Turns out I didn't have to qorry about the voltage drop across the series resistanse. After simulating it I found that there will be a voltage drop across M2's source and drain if it's drain is connected to ground. Therefore the input voltage can never be pulled low.

Best Answer

If the I/O to be protected is a microcontroller I/O, no your circuit will not protect it very well.

Try simulating this with a fast rise-time 24V with 0.5 ohm series impedance and see what happens. (lower than 0.5 ohm and the PTC will probably not work, depending on its specs).

M1 will only turn on when the input exceeds 5V by a volt or two, at which time your microcontroller is already dead.

If you must have protection of bidirectional I/O I would suggest a couple of BSS139 N-channel MOSFETS back-to-back in series with the input, and a clamp designed to handle maybe some tens of mA per input, whilst keeping the input voltage/current within spec for the micro.

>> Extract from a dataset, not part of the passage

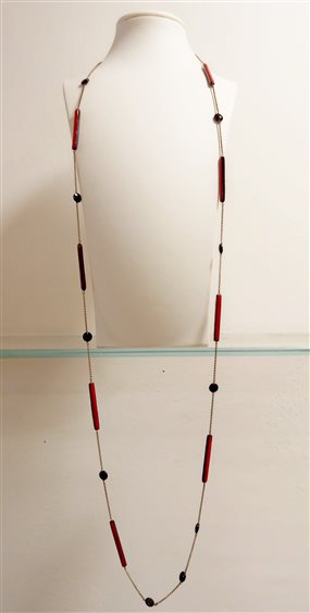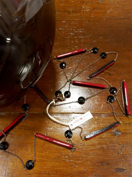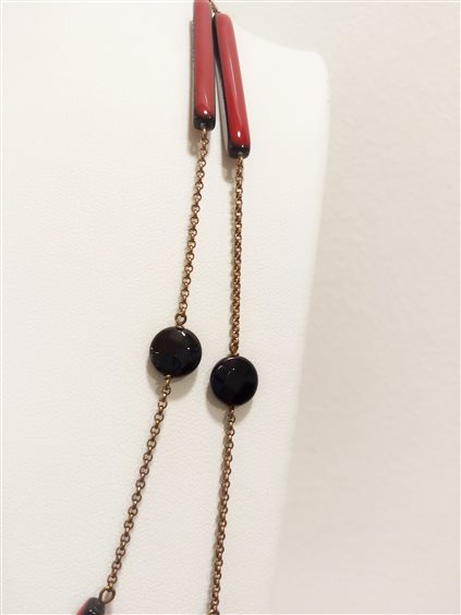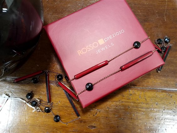 ROSSO PREZIOSO JEWELS Collana lunga JULIE Catena rolò in metallo anallergico placcato oro rosé con effetto leggermente brunito, con elementi rettangolari in legno laccato rosso e nero (4 cm)alternati a piccole drop in onice sfaccettato (diametro 1 cm). Chiusura con moschettone. La collezione ROSSOprezioso è realizzata a mano con smalti, pietre naturali,legno e placcatura oro rose’ 24kt su base palladio e anti allergica. I gioielli ROSSOprezioso sono pensati per donne che amano il colore e sanno giocarci con ironia ed eleganza. Tutti i gioielli ROSSOprezioso sono materici, ma leggerissimi. Ogni giorno è diverso, così come i tuoi outfit che cambiano a seconda dei diversi mood e occasioni. I gioielli ROSSOprezioso sono l’accessorio perfetto per chi cerca un dettaglio particolare per distinguersi Ogni pezzo è unico e speciale e alcune piccole differenze sono caratteristiche tipiche della lavorazione manuale completamente made in Italy.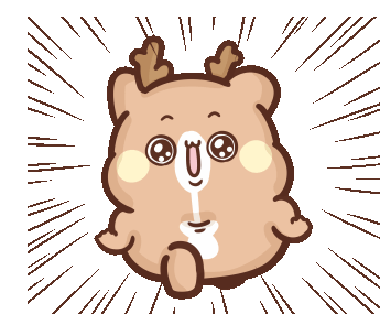 A cute, happy Sweethouse deer cartoon character with antlers and rosy cheeks, smiling and holding a white object.

You can easily handle +/-200V spikes or +/-24V continuous with this method- and series resistance can be < 100 ohms.

For dedicated inputs, adding a lot of series resistance is easier (or an opto with a bit of protection circuitry).

Be sure to pay attention to possible user-induced faults involving ground. For example, if you have more than one pin connected to ground, the user may connect one pin to +24 and the other to the return. After the trace burns off, the resulting 24V on part of the ground net can have far-reaching and rather sad consequences.